3. Fourier Kernel Approximation

The Fourier kernel approximation is proposed from the paper Random Features for Large-Scale Kernel Machines on NIPS'07. It’s a widely-used approximation to accelerate the kernel computing especially for the high dimensional dataset. For a dataset with dimension $D$ and data points $N$, the time complexity of computing the exact kernel is $\mathcal{O}(DN^2)$ and the Fourier kernel approximation is $\mathcal{O}(SN^3)$ with $S$ samples. While the dimension goes up, the approximation remains the same computing time because it is regardless to the dimension of the dataset.

3.1 Bochner’s Theorem

If $\phi: \mathbb{R}^n \to \mathbb{C}$ is a positive definite, continuous, and satisfies $\phi(0)=1$, then there is some Borel probability measure $\mu \in \mathbb{R}^n$ such that $\phi = \hat{\mu}$

Thus, we can extend the Bochner’s theorem to kernel.

3.2 Theorem 1

According to Bochner’s theorem, a continuous kernel $k(x, y) = k(x-y) \in \mathbb{R}^d$ is positive definite if and only if $k(\delta)$ is the Fourier transform of a non-negative measure.

If a shift-invariant kernel $k(\delta)$ is a properly scaled, Bochner’s theorem guarantees that its Fourier transform $p(\omega)$ is a proper probability distribution. Defining $\zeta_{\omega}(x) = e^{j \omega’ x}$, we have

$$ k(x-y) = \int_{\omega} p(\omega) e^{j \omega’ (x - y)} d \omega = E_{\omega}[\zeta_{\omega}(x) \zeta_{\omega}(y)] $$

where $\zeta_{\omega}(x) \zeta_{\omega}(y)$ is an unbiased estimate of $k(x, y)$ when $\omega$ is drawn from $p(\omega)$.

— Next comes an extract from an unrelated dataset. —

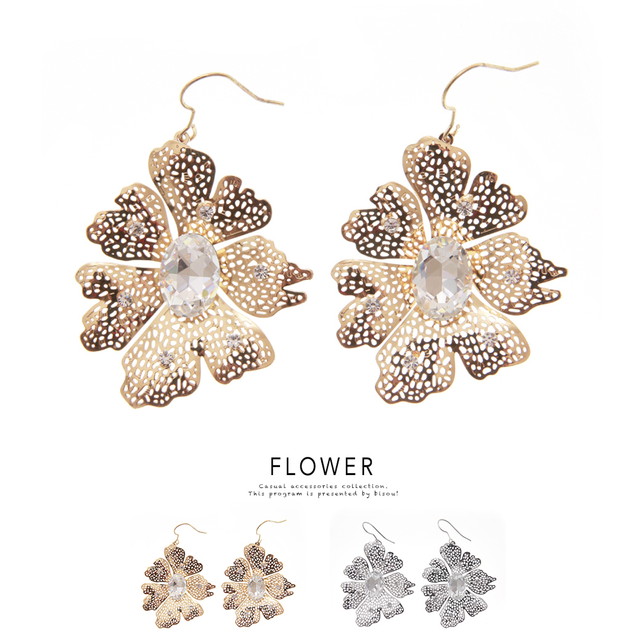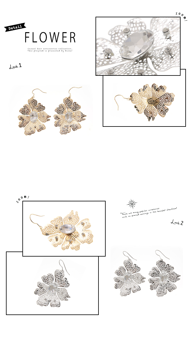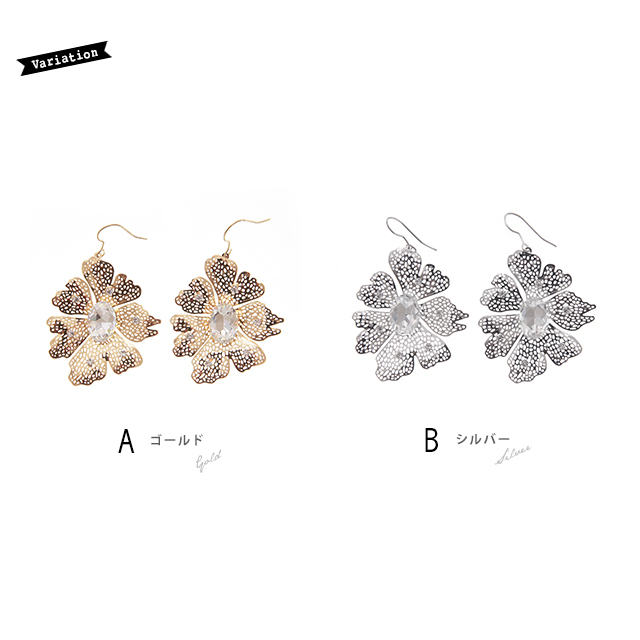 【透かしパーツのフラワーがおしゃれな大きめフックピアス】フラワー/ビジュー/ラインストーン/メタル/パーティー/アクセサリー

With Mote-Carlo simulation, we can approximate the integral with the summation over the probability $p(\omega)$.

$$ z(x)’ z(y) = \frac{1}{D} \sum_{j=1}^D \mathbb{z}{w_j}(x) \mathbb{z}{w_j}(y) $$

$$ \mathbb{z}_{\omega}(x) = \sqrt{2} cos(\omega x + b) \ \text{where} \ \omega \sim p(\omega) $$

In order to approximate the RBF kernel $k(k, y) = e^{-\frac{||x - y||_2^2}{2}}$, we draw $\omega$ from Fourier transformed distribution $p(\omega) = \mathcal{N}(0, 1)$.

4. Experiments

4.1 Simulation With Exact Kernel

The parameters of SVM:

  • C: 0.6
  • $\gamma$ of RBF: 2

Here we generate 3 kinds of data. The first row is generated by a Gaussian mixture model. The second row is like a moon generated by Scikit-Learn package. The third one is also generated by Scikit-Learn package and the package generate 2 circles, one is in the inner side and the other one is in the outer side.

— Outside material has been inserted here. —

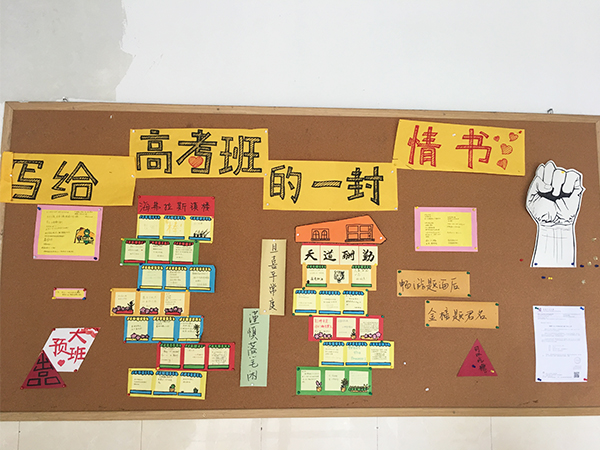 高考服务组率先抛砖引玉。虽然任务相对简单,但展板布置、内容设计凝结着组员们的心血,如古诗摘句、名人名言等环节旨在达到娱乐性、实用性统一的目的,集体赠言饱含了三年同窗的温暖。他们想传达这样的理念:大预班的同学将一直与高考生同在。

The SMO and kernel seem work properly even under noise and nonlinear dataset.

4.2 Simulation With Approximated Kernel

We draw 200 samples from $p(\omega)$ to approximate the RBF kernel. As we can see, the testing accuracies are close to the ones of exact kernels in most of cases.

4.3 Real Dataset

4.3.1 PCA Preprocess

Apply SVM on the “Women’s Clothing E-Commerce Review Dataset” with C = 0.6 and $\gamma$ of RBF kernel = 2, the training accuracy is 82.03% and the testing accuracy is 81.54%. The accuracy, loss and, the movement of variables are showed in the following graph.

As we can see, the movement of variable gets smaller during training and converge around 50 and the accuracy remains about 82%.

4.3.2 LDA Preprocess

The training accuracy is also 82.03% and the testing accuracy is 81.54%, but the curves are smoother than the ones of PCA.